◆ RECORDS FOR THE EXERCISE ◆
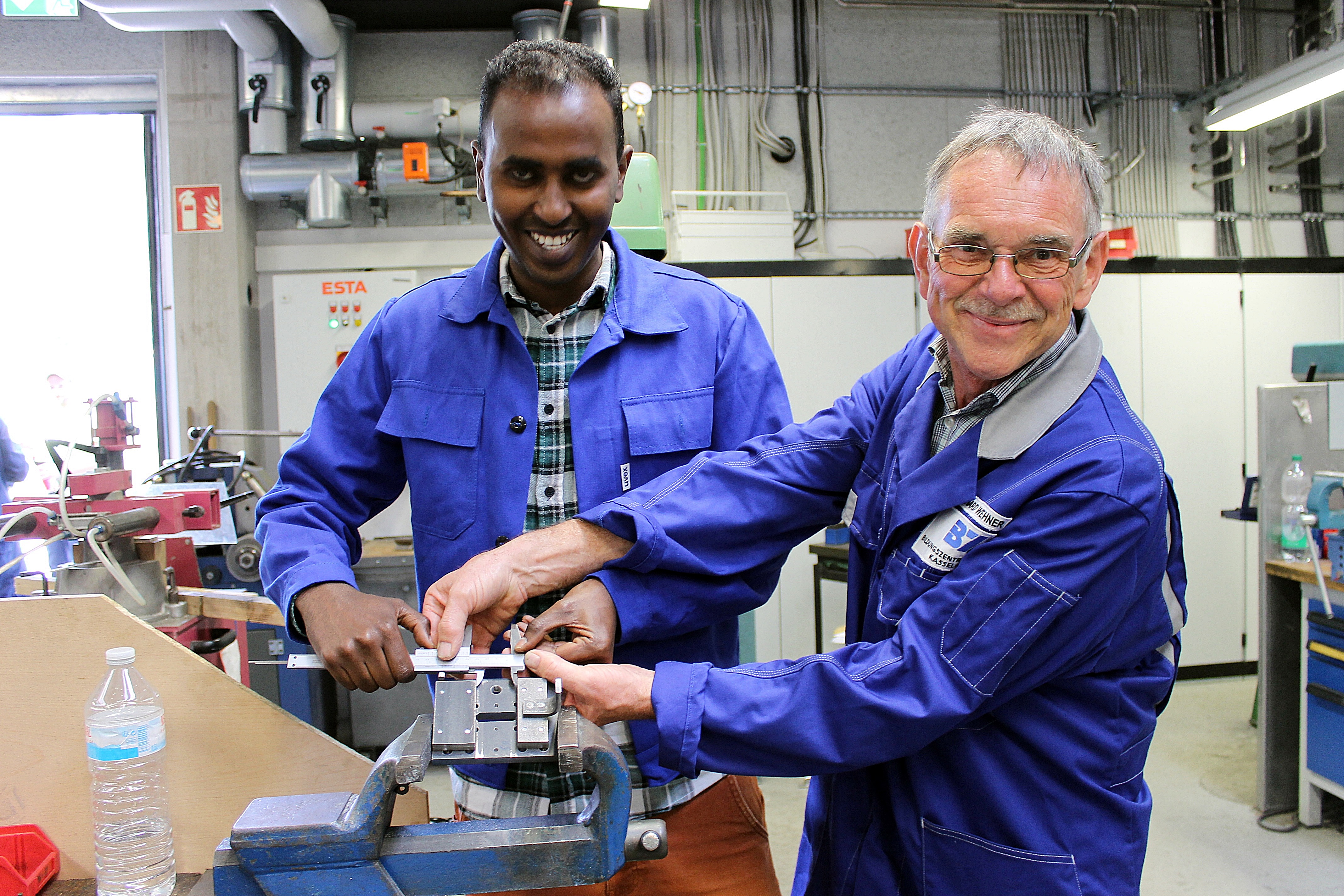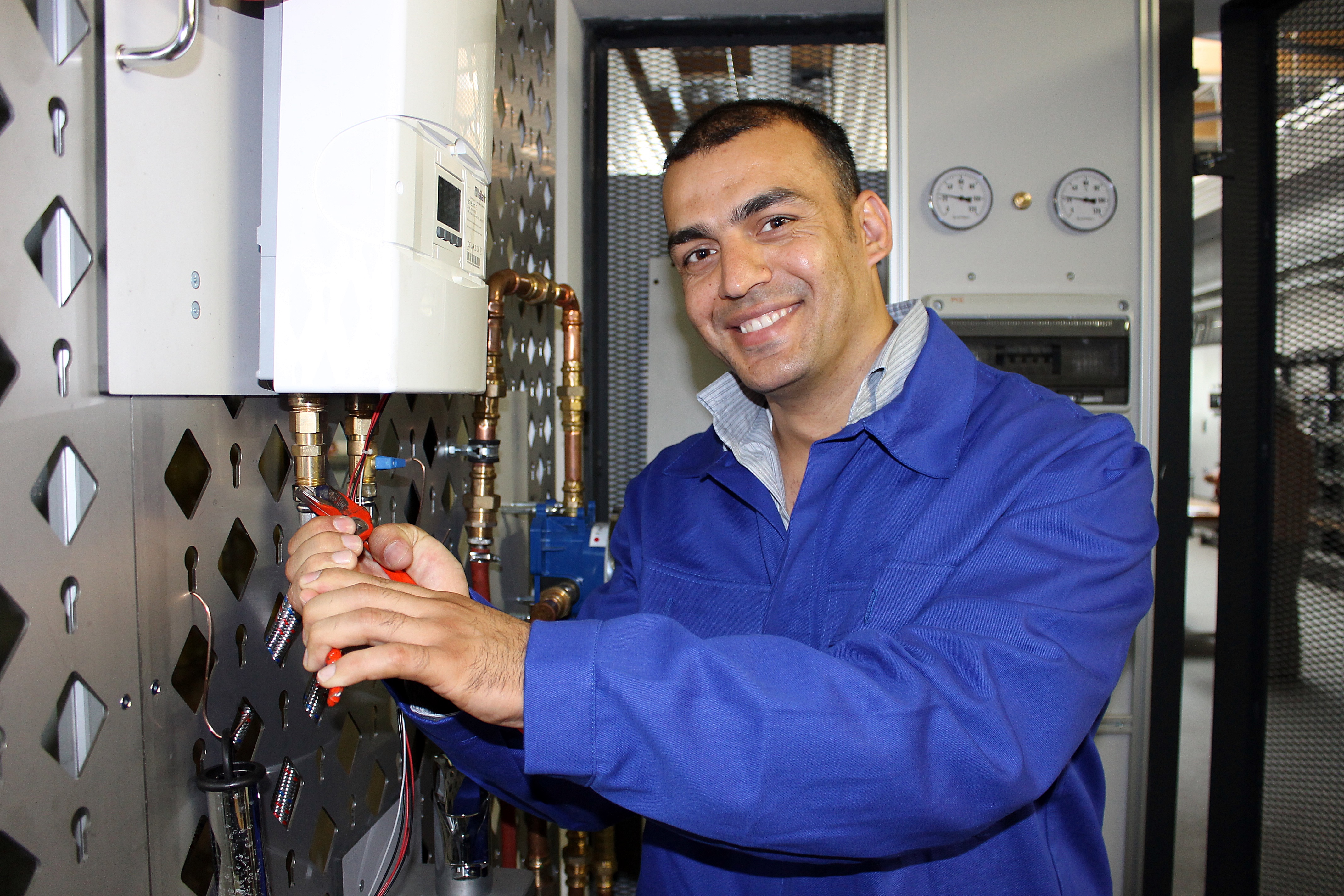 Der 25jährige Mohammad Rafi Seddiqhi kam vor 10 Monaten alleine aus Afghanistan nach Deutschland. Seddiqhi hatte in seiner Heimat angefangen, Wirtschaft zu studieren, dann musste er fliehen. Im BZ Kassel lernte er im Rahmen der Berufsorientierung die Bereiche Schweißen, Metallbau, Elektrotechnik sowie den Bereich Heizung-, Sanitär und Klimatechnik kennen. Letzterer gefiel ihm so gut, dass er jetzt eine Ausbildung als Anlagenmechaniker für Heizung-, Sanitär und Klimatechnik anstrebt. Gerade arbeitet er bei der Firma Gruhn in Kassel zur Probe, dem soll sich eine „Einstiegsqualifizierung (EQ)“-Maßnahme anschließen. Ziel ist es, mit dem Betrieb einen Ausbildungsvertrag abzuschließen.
--
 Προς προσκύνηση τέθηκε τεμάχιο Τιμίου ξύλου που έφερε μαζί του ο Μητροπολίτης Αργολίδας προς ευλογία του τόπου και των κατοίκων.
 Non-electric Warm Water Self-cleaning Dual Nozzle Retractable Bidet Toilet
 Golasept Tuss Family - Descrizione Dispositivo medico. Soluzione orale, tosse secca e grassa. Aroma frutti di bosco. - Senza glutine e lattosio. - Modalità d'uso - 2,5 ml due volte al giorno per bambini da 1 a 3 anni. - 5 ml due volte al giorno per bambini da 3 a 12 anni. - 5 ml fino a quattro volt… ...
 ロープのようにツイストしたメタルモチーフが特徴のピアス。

◆ DIRECTIONS FOR THIS TASK ◆
Copy the stretch of the records above that runs from the line with "Προς προσκύνηση τέθηκε" through the line with "ロープのようにツイストしたメタルモチーフが特徴のピアス。". Both end lines belong in the copy, and nothing else does.

◆ SOLVED EXERCISE ◆
 Προς προσκύνηση τέθηκε τεμάχιο Τιμίου ξύλου που έφερε μαζί του ο Μητροπολίτης Αργολίδας προς ευλογία του τόπου και των κατοίκων.
 Non-electric Warm Water Self-cleaning Dual Nozzle Retractable Bidet Toilet
 Golasept Tuss Family - Descrizione Dispositivo medico. Soluzione orale, tosse secca e grassa. Aroma frutti di bosco. - Senza glutine e lattosio. - Modalità d'uso - 2,5 ml due volte al giorno per bambini da 1 a 3 anni. - 5 ml due volte al giorno per bambini da 3 a 12 anni. - 5 ml fino a quattro volt… ...
 ロープのようにツイストしたメタルモチーフが特徴のピアス。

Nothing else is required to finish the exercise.